# Exo Terra doors



## PygoShlee (May 1, 2010)

Hey all.

I moved my Panther chameleon yesterday into a 2ft x 14" x 14" Exo Terra (glass one, was previously in a flexarium slightly smaller) and noticed today the temperature is pretty silly. 

I've got a load of mesh spare from the old flexarium, does anyone know how I could go about removing a door from the Exo Terra? Or even both of them.
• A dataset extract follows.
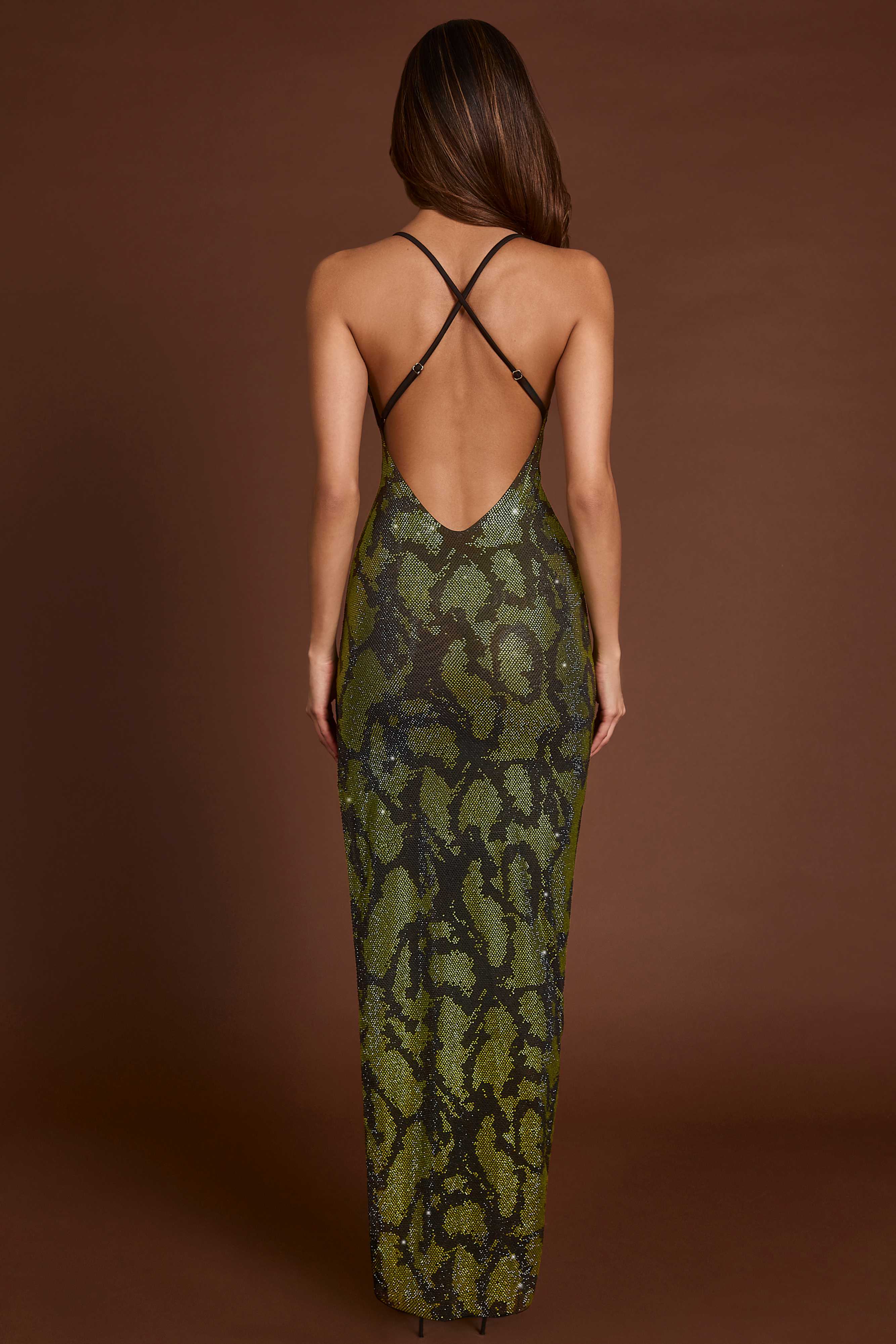 High-glam nights start with our Luserna maxi dress. Designed with a plunging halter neckline, adjustable cross-back straps, and a low open back, it’s bold, sexy, and made for you to play muse. The all-over snake HOTFIX embellishment seals the look with unapologetic glamour.

I'd like to try replace them with mesh for ventilation, and to cool it down. 

Cheers

Ash


----------



## tokay (Mar 13, 2007)

best off going back to a flexi or a reptibreeze mesh cage matey , if the temps are getting to high. 
have you a thermostat ?


----------



## PygoShlee (May 1, 2010)

Yeah, just funds are running a bit tight at the moment, and didnt realise I had this viv so set it up for him. 

Havent got a thermostat, only got light timers which I might set in half hour intervals. 

Cheers


----------



## tokay (Mar 13, 2007)

No worries , i got my yemen in a xl mesh repti breeze , with a dimmer stat on bulb , the bulb is hardly on this weather


----------



## PygoShlee (May 1, 2010)

Its cool now, have sorted it. Basically just ripped off both the doors, and used my last flexarium's mesh to cover the front. 

Will do the job nicely for now, until I get to buidling his adult viv 

Cheers!


----------